Dès sa sortie du tout nouveau Département de biologie de l'Université Laval — en 1947, il est de la troisième promotion —, Jacques LeBlanc fait preuve d'initiative. Il poursuit des études de troisième cycle à une époque où la recherche biomédicale en est encore à ses premiers balbutiements. L'aventure en vaut la peine. Il devient l'un des chefs de file de la jeune discipline.

D'abord pour le ministère de la Défense canadienne puis celui de la Défense américaine, le chercheur s'attaque, au cours des années 50, à un domaine peu exploré : la physiologie humaine appliquée. Ses premiers travaux témoignent de « son effort de guerre » sur le plan scientifique. Il démontre en effet que la vitamine C réduit les douleurs aux pieds, à l'œdème, ainsi que la difficulté à marcher des militaires exposés au froid pendant longtemps et dont le régime est déficient en calories. À la suite de ces résultats, 500 mg de vitamine C seront ajoutés aux rations de survie de l'armée canadienne.

Que ce soit dans les laboratoires de recherche ou dans l'immense laboratoire naturel du Grand Nord canadien, Jacques LeBlanc dissèque les moindres détails de la machine du froid pour ses études réalisées sur les Inuits, les militaires, les pêcheurs de la Gaspésie, les débardeurs ou encore les postiers. Ses résultats, résumés dans ses multiples publications ou livrés lors de communications dans le monde entier, se trouvent finalement rassemblés, en 1975, dans un ouvrage qui fait autorité dans les milieux scientifiques : Man in the Cold. Cet ouvrage présente les découvertes de l'un des premiers physiologistes à se pencher sur les mécanismes de régulation des températures.

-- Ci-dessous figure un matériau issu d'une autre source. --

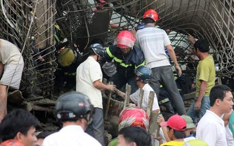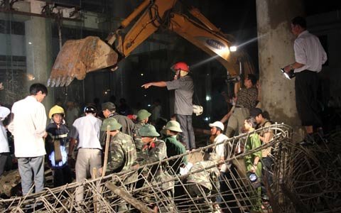Bới bê tông tìm nạn nhân vụ sập giàn giáo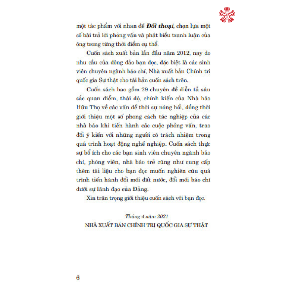 Nhà xuất bản chính trị Quốc gia Sự thật xin giới thiệu cuốn sách ”Đối thoại” của nhà báo Hữu thọ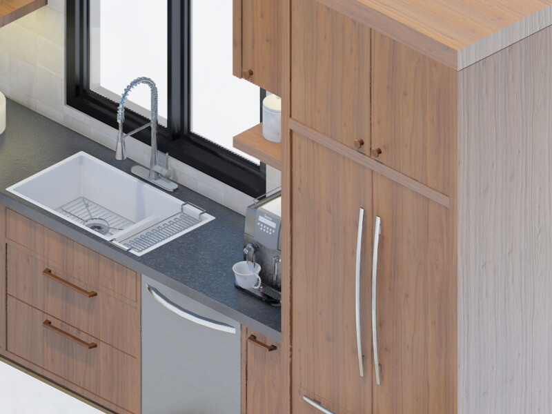 Wood paneling and wooden cabinetry create a cozy, homely feel, which makes the niche particularly attractive. It is a classic choice that will go with any scheme of contemporary designs.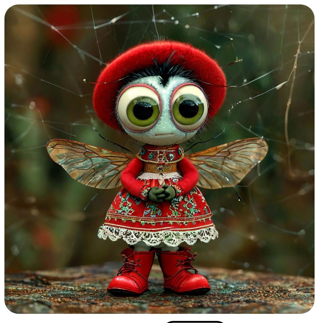 ♀️ сегодня пол дня пыталась сваять муху. Обычную муху в русском народном сарафане и красных сапожках, попавшую в ловушку свежей паутины. И что я получила?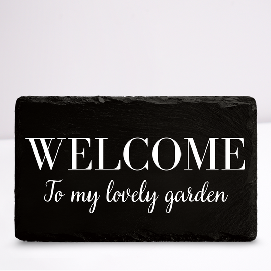 Welcome to my lovely garden | Leistenen wandbordje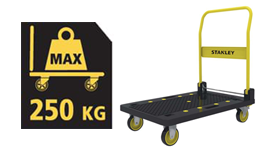 This heavy-duty platform trolley from Stanley can carry a load weighing up to 250kg. This robust equipment can help lighten your load, whether you need to move to a new place, or you want to rearrange the furniture around your home. The large polypropylene platform lets you load bulky items such as appliances or furniture, and the handles can be folded to better fit in storage.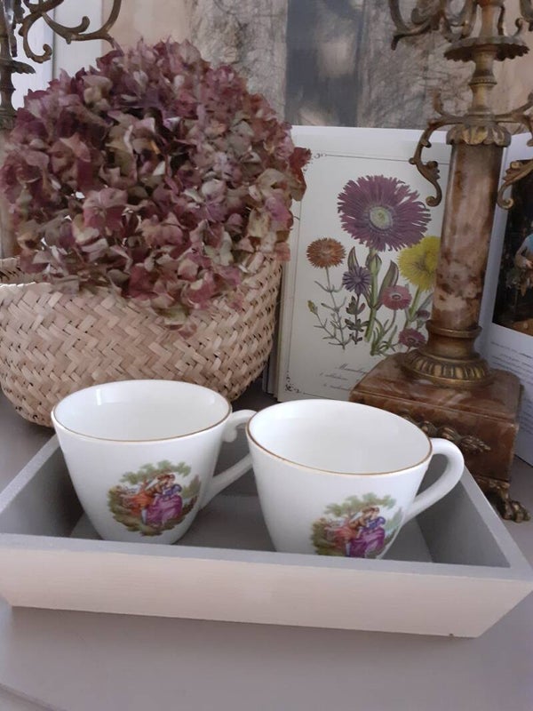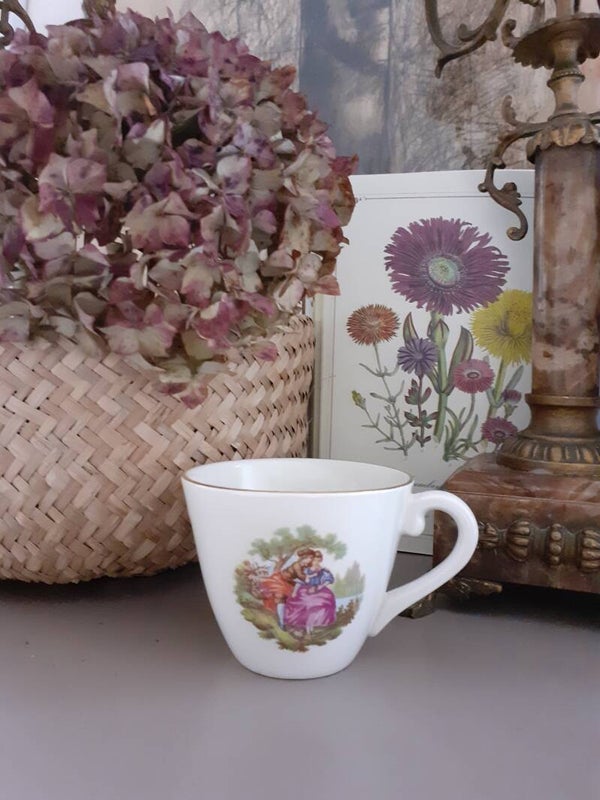 Jolie tasse sans soucoupe en faience, motif Fragonard, vintage, ( Le Bouquet)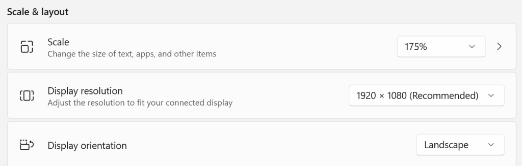 注記:プライマリディスプレイのアプリは、結果としてより良く見えます。また、100〜500のカスタムスケーリングサイズを入力することもできます。ディスプレイは、指定した特定のスケーリングサイズに調整されます。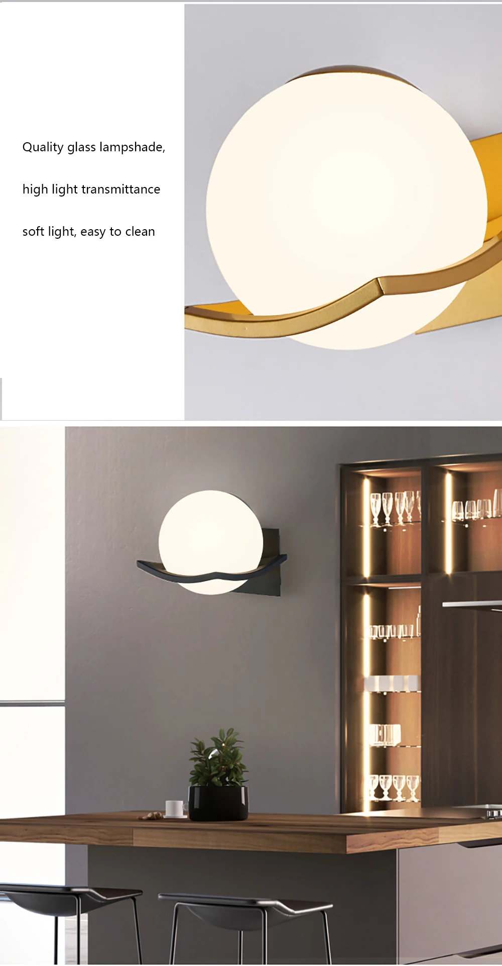 Креативный лунный современный настенный светильник стеклянный шар классические декоративные светодиодные Настенные светильники для спальни прикроватные дома черный белый золотой

De l'espoir pour le traitement du diabète et de l'obésité

Les travaux de Jacques LeBlanc ne se limitent pas au seul domaine du froid. Se greffent bientôt sur ceux-ci des études concernant l'endocrinologie, le système nerveux, la nutrition et l'activité physique, ce qui confère ainsi une richesse et une profondeur particulières à son œuvre. Il s'intéresse plus précisément, dans les années 70, aux effets de l'exercice sur la tolérance au glucose, la sécrétion d'insuline et les dépenses énergétiques. Ses recherches aboutissent à une découverte d'une grande importance médicale : l'entraînement physique réduit d'environ 40 p. 100 les besoins d'insuline. Ces résultats prometteurs ouvrent de nouvelles perspectives dans la recherche sur le diabète. Des applications immédiates quant au traitement et à la prévention de la maladie sont de surcroît entrevues.

La perspicacité et le sens de l'innovation caractérisant Jacques LeBlanc le conduisent à des observations originales sur la nutrition et qui trouvent des applications directes dans la compréhension de l'obésité. Le chercheur démontre, par exemple, que plus appétissante est la nourriture, plus grande est la dépense de calories lors de l'ingestion. Ainsi, il constate que plusieurs petits repas alléchants, au lieu des trois repas traditionnels, augmentent les dépenses d'énergie du métabolisme. La découverte de ces mécanismes donnera lieu à de nouvelles recherches en vue de vérifier s'ils n'ont pas une incidence sur la prise de poids des personnes obèses.


Dans la lignée des grands physiologistes classiques

Au fil de sa carrière, le professeur Jacques LeBlanc délaisse souvent les sentiers battus; il est un des rares physiologistes à faire ses expériences autant sur les animaux que sur les humains, ce qui, dans le dernier cas, se révèle une plus délicate et complexe entreprise. L'avantage de cette démarche expérimentale vaut tout de même l'effort, car elle permet de situer le sujet dans sa totalité.

Michel Jobin, un de ses proches collègues, explique d'ailleurs à cet égard que, « à l'heure où la recherche biomédicale est de plus en plus orientée vers la biologie moléculaire, Jacques LeBlanc continue de mener avec beaucoup de succès une recherche plus globale, qui le situe dans la lignée des grands physiologistes classiques  ». La perspective d'ensemble qui distingue Jacques LeBlanc est par ailleurs mêlée d'une touche incontestable d'imagination et d'intuition. Cette dernière aptitude se manifeste, par exemple, lorsque, parmi une infinité de possibilités de protocoles expérimentaux, le scientifique sait détecter celui qui le mènera directement aux résultats lui permettant de vérifier son hypothèse.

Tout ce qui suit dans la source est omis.